Honors 10 Journals 2014-2015

Ok – so every yearHonors 10 requires that you do some thinking outside the 50 minute classroom experience. (Gosh I hope you do that anyway….) At times (about once a week), I will ask the entire class to journal about a specific topic related to our study.

At least one additional time each week, I’d like you to journal in an open-ended fashion. (I will notdesignate any in-class time for this activity – take care of business outside of class.) Open-ended means you can write about anything as long as it relates somehow to what we’ve been studying. The trouble with open-ended is that too many people seem to think they don’t have anything to write about. This suggests, of course, that they don’t think about anything. (I start to feel a little sick every time I think that this may be the case.)

The entry you write MUST relate in some way to Honors 10 – perhaps you did not participate in a discussion but you have strong feelings about something that was discussed and you’d like to address those thoughts. Perhaps something we talked about got you thinking about something else that you have recognized about humans, their behaviors, their decisions, their successes and/or their failures. Perhaps something struck very close to home for you – a decision a character made is much like one you made. An author has challenged you morally, ethically, logically or emotionally. Perhaps something in Prep inspired you to write a poem, write an editorial, write a personal letter to someone (real or fictional). Your journal this year is a place for you to further pursue or explore issues about the human condition and the world in which you live.
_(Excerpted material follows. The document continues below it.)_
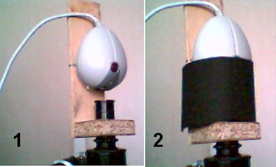 En 1, le montage; en 2, le système opérationnel avec une bague noire (papier à dessin) protégeant de la lumière latérale. |

So you will write once a week (on your own time). You will hand the journal in, once a week. I WILL respond to what you’ve written (perhaps I will agree, disagree, ask a few questions). I will return it to you the next day. You will be free to write your next journal as a response to something I’ve asked or said, or you can move on to another insight you’ve had for the next required entry.

How long will the entries be? Hmmm…..I’m thinking at least a page. Explore the issue at hand as completely as you can. (If you “can’t think of what else to write about it” – then is it really an issue worth writing about in the first place?)

Your journal entry for the week is due every ______. You may not “make up” entries. I will not accept journals slid under my door on Friday night. If you miss a week, you miss a week and you take a hit. Own it. You may not “stockpile” entries either. At the end of each quarter I will give the journal a grade.

Ok? Ok! I look forward having a passionate exchange of insights and perceptions with you.